= Dave Apollon =

American musician (1898–1972)

Apollon, c. 1940s

Dave Apollon (born Denis Apollonov; Денис Аполлонов; February 23, 1898 – May 30, 1972) was an American mandolin player.

He is regarded as one of the most innovative and influential mandolinists of the twentieth century, whose more notable recordings and performances include "Two Guitars", Hora staccato by Grigoraș Dinicu, and Zigeunerweisen ("Gypsy Airs") by Pablo de Sarasate. His styles include Gypsy and various kinds of European folk music. He is also regarded as one of the first jazz mandolinists, with such memorable recordings as "Who" and "St. Louis Blues".

== Early life ==
Apollon was born in 1898, to a Jewish family in the city of Kiev, which was at the time part of Russia. At an early age, he played the violin but abandoned the instrument after taking a fervent interest in an old bowl back mandolin his father kept in the house.

== Career ==
By age 14, Apollon had already founded an ensemble and was performing professionally in a local movie theatre.

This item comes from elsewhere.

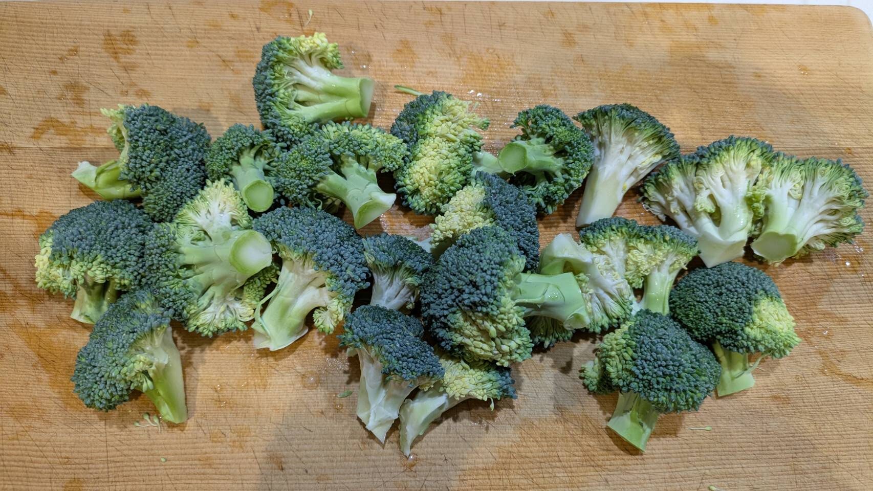 ブロッコリーは小房に分けます。水気が残っていると油がはねたり、仕上がりが水っぽくなったりするため、洗った後はキッチンペーパーでしっかり水分を拭き取ってください。

During World War I, he served in the Russian Revolution and used his mandolin as his greatest weapon. He sailed to the Philippines to continue working as a mandolin player and dancer. Afterwards, he went to Japan and got his visa to the US.

In 1919, he moved to New York City and almost immediately got a job in vaudeville, where he floored audiences with stunning virtuosity.

In 1929, he made the first of his musical shorts, something he would continue with for much of his career. In 1941 he was a member of the touring company of "Boys and Girls Together". In 1946, he met and played with Django Reinhardt while the legendary guitarist was on tour with Duke Ellington in New York. In early 1950, he released his version of the No. 1 hit "Third Man Theme" (made famous by Anton Karas and Guy Lombardo, among others) on the National label (#9104). The flip side was "The Cafe Mozart Waltz". "Billboard" described the single as "Sensational ... new ... and different." Apollon died on May 30, 1972, after a career that spanned over fifty years.